| Work to be completed |
Go to the line with "959 Model years: 1987–1988, examples" in the entries below and write out every line from there through the line with "Tall Horse Wine Assorted 750 ml", exactly and without pictures.

##### The data

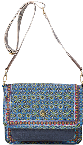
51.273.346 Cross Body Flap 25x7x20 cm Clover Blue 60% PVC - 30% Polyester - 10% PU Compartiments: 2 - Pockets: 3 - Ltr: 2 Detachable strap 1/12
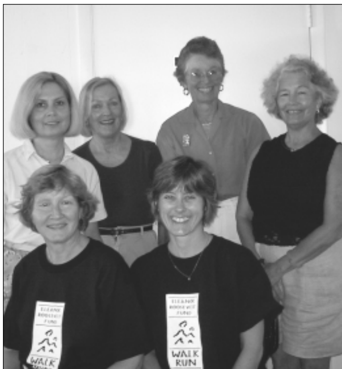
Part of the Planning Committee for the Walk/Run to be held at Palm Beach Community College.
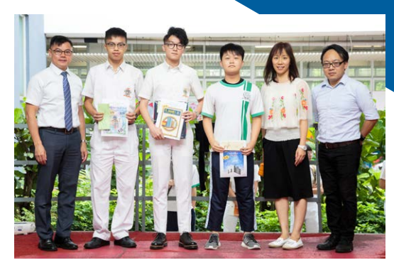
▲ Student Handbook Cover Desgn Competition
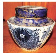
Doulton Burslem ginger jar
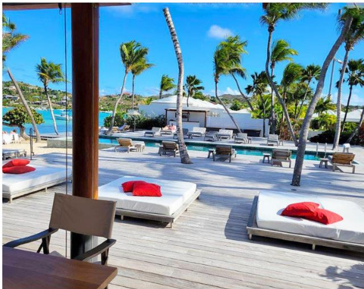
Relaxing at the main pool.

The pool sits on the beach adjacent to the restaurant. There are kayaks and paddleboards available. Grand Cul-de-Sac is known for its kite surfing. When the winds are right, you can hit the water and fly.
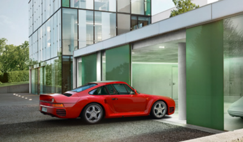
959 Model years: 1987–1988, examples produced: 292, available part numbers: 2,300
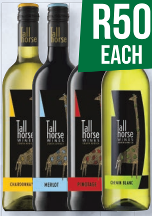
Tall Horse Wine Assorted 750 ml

##########
##### The data

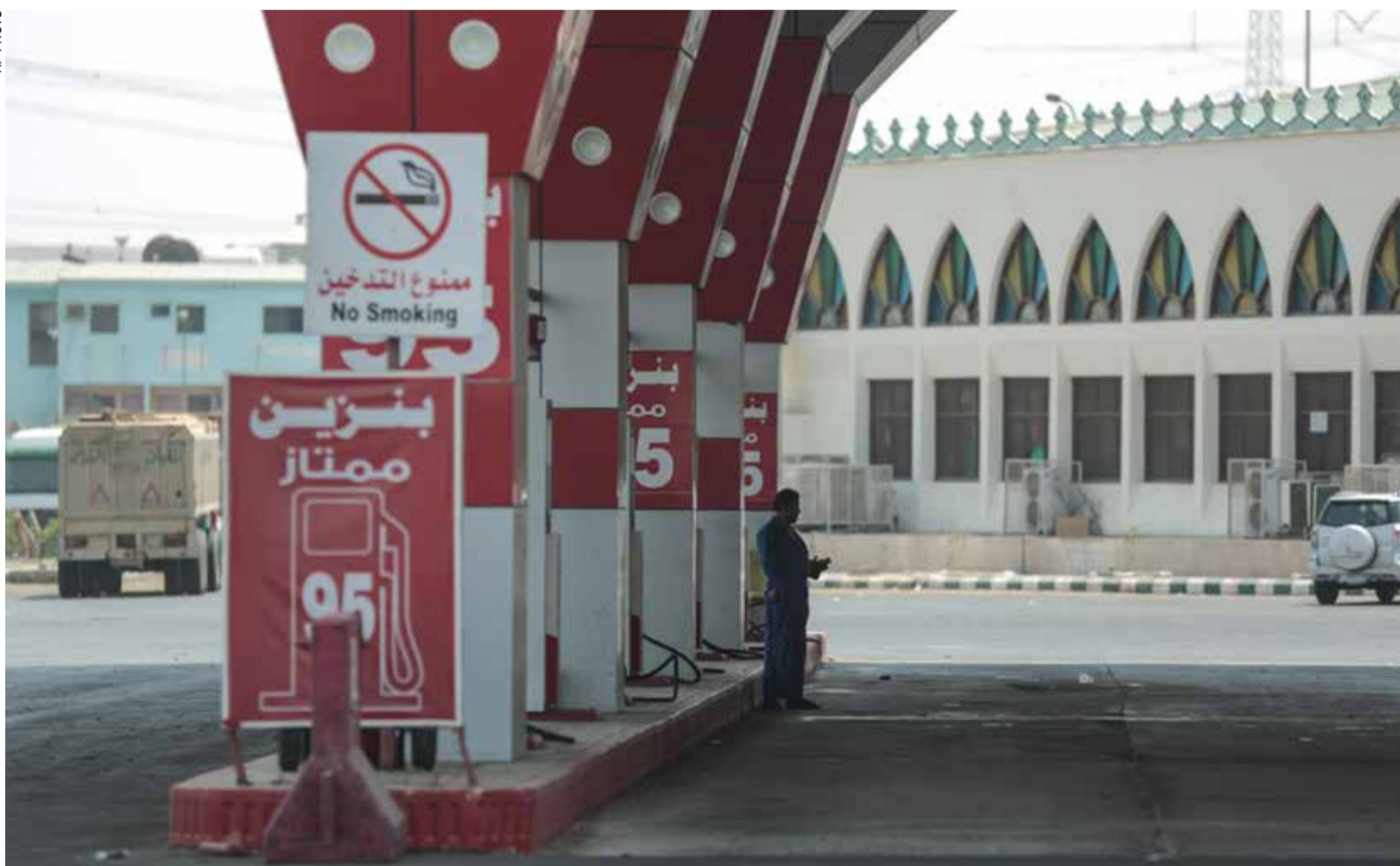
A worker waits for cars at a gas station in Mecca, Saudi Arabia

##########

| Task response |
959 Model years: 1987–1988, examples produced: 292, available part numbers: 2,300
Tall Horse Wine Assorted 750 ml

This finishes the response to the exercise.